Long ago, in McPherson v. Blacker, a case involving the means through which a legislature prescribed choosing electors, the high court stated, "The legislative power is the supreme authority except as limited by the constitution of the State."  

In 2015, the court rejected an ISLT-type claim that only the state legislature — and not voters, through the initiative process — could determine how redistricting maps were drawn.

And consider Chief Justice John Roberts' 2019 majority opinion in a case on partisan gerrymandering, in which he recognized that legislative gerrymanders did not operate in a vacuum. State constitutions, Roberts said, "can provide standards and guidance for state courts to apply" in gerrymandering cases. (Roberts did not tip his hand during Wednesday's arguments.)

Of course, the Supreme Court's activist, conservative majority is untroubled by violating long-established precedents when they get in the way of achieving its substantive political ends. In such circumstances, it tosses out precedent like used tissues.

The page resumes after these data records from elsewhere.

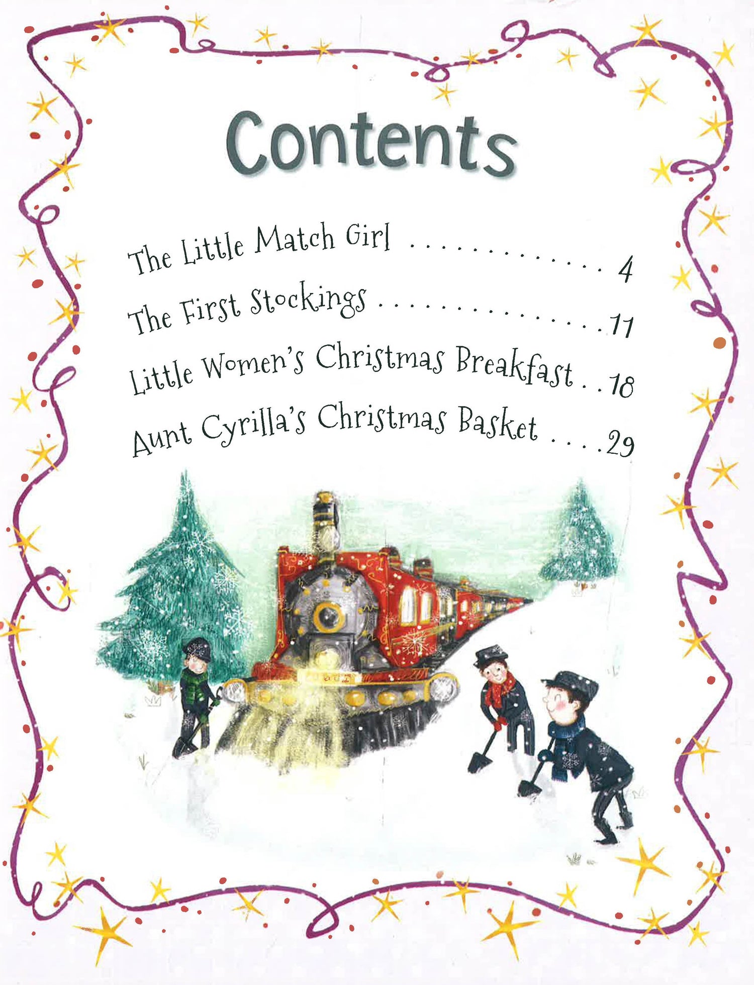 Christmas Stories The First Stockings and other stories is a wonderfully festive storybook for children aged 5+. Beautifully illustrated throughout, every story is brimming with magic, fun, presents and goodwill. With a stunning sparkly cover, this book is an ideal gift at Christmas time. Stories included: The Little Match Girl, The First Stockings, Little Women's Christmas Breakfast, Aunt Cyrilla's Christmas Basket.
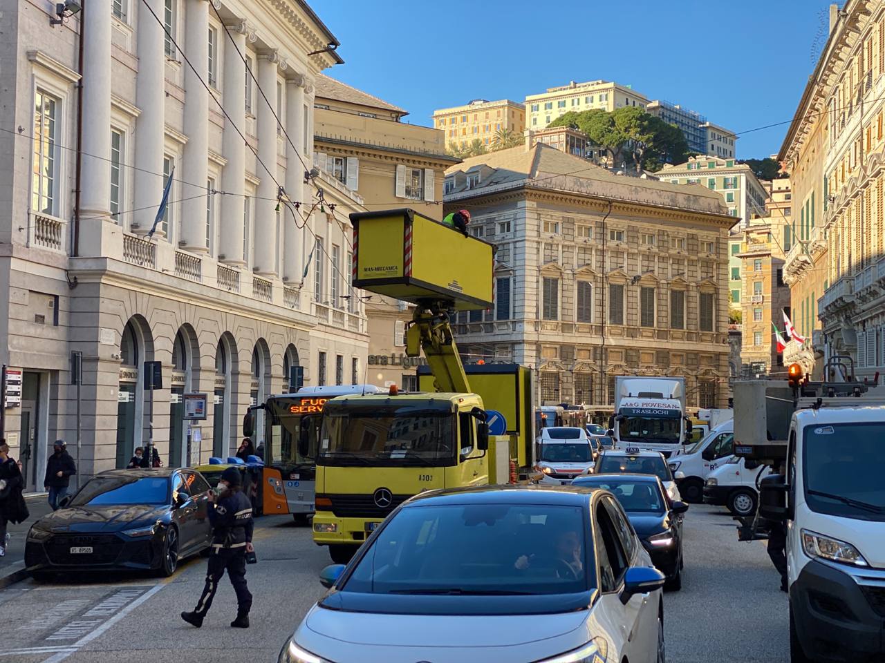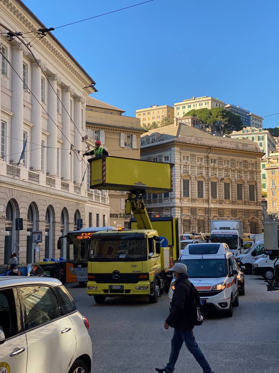 Il mezzo dell’Amt in servizio sulla linea 20, è rimasto bloccato verso via XXV Aprile, bloccando la circolazione veicolare e causando lunghe code di auto e bus dei veicoli provenienti sia dalla Galleria Bixio sia da Galleria Garibaldi.
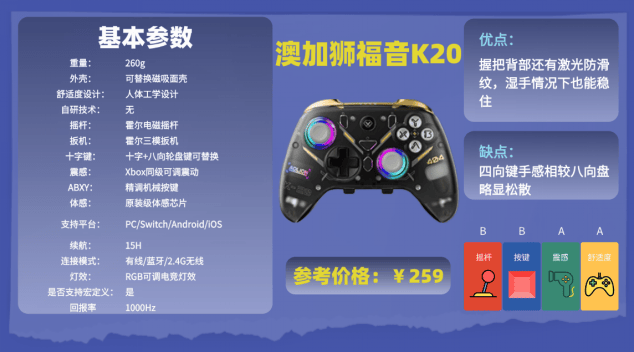 1:这款手柄透明外壳带磨砂涂层,既有机能感又不易落指纹,握把背部的激光防滑纹很实用,湿手时也能稳定握持。260g左右的重量搭配均衡配重,没有空壳廉价感。延续可更换摇杆与十字键设计,标配八向轮盘,还附四向键和高摇杆,能适配动作、赛车等不同游戏;仅四向键手感偏松散,格斗类搓招需适应。霍尔摇杆抗漂移,ABXY升级为微动开关,响应爽快适合连击,只是长时间点击“清脆感”较强,静音需求玩家需适应;背部新增两枚拨片式背键,位置易按、错手率低。
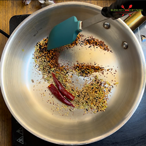 Take cumin seeds, mustard seeds (Rye), fennel seeds, yellow or black mustards, Nigella seeds, carom seeds, Fenugreek seeds and dry red chilies in a pan. Dry roast them on low heat for 2-3 minutes or until aromatic.
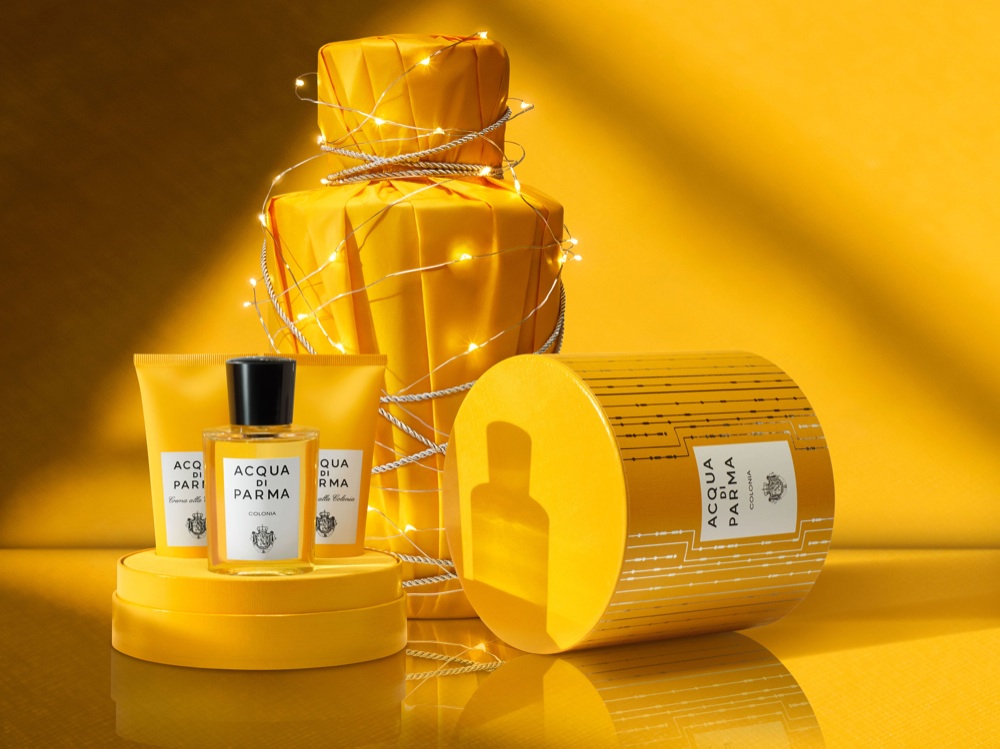 La tonalità particolare di giallo che contraddistingue il marchio italiano illumina la cappelliera natalizia. All’interno la classica collezione composta dalla celebre colonia, dalla crema alla colonia e dal bagno alla colonia. Un tris adatto agli appassionati del genere.
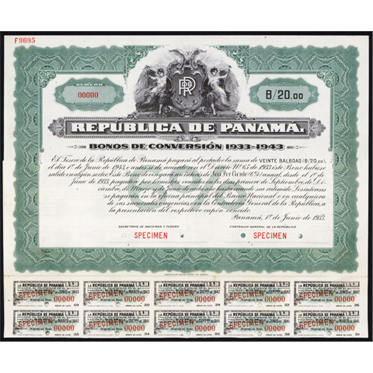 Panama, 1st June, 1933, 20 Balboas, Specimen bond, 6% Bonos De Conversion 1933-43, coupons attached, Black on green border and underprint, Allegorical angels flank eagle on top of shield with Initials R De P. Specimen overprints, POC's, Last Specimen on top right margin, XF condition. ABNC.

Indeed, the threat to constitutional governance posed by the ISLT and the possibility that the court may disregard its own precedents is so great it has raised alarms even among conservative legal luminaries. Retired appeals court icon J. Michael Luttig's commentary on the Moore case is entitled, "There is Absolutely Nothing to Support the 'Independent State Legislature Theory." 

And as Judge Luttig told the New York Times, Moore is a case "with profound consequences for American democracy."

Similarly Ben Ginsburg, the Republican election lawyer par excellence, wrote that ISLT threatens to intensify discord and disinformation about elections and whether they can be run fairly. Ginsburg warns that its likely effects include exacerbating "the current moment of political polarization and further undermining confidence in our elections." 

Similarly, the Conference of Chief Justices, which represents supreme court justices of every state, submitted an amicus brief in Moore renouncing ISLT. 

Who do we find on the other side? Among ISLT supporters is infamous Trump crony and former law professor John Eastman, whose bar license is under investigation in California and Washington, D.C.

So what's going on with the signals on Wednesday showing three justices leaning into ISLT? Pursuit of right-wing power. 

Just look who's behind the ISLT claims. According to the nonpartisan watchdog group, Accountable.US, reactionary dark money groups have donated $90 million to advocacy groups supporting the Republican legislators' claims in Moore. 

Leading the pack with $70 million is Donors' Trust, a PAC led by Federalist Society co-chair Leonard Leo, who runs another conservative nonprofit that recently attracted an unprecedented $1.6 billion donation from a single ultra-wealthy donor who hoped to enlist Leo to drive the judiciary to the extreme right.

As we know from the decisions that this Supreme Court has already made removing the guardrails on dark money, voter suppression and anti-democracy measures, adopting rules that favor the powerful is high on the conservative justices' agenda. They plainly hope to use those rules to keep Republicans' minority party in power indefinitely, if not to help Trump himself.

You don't need to read the tea leaves to see where the court's far-right wing wants this to go. Just follow the money.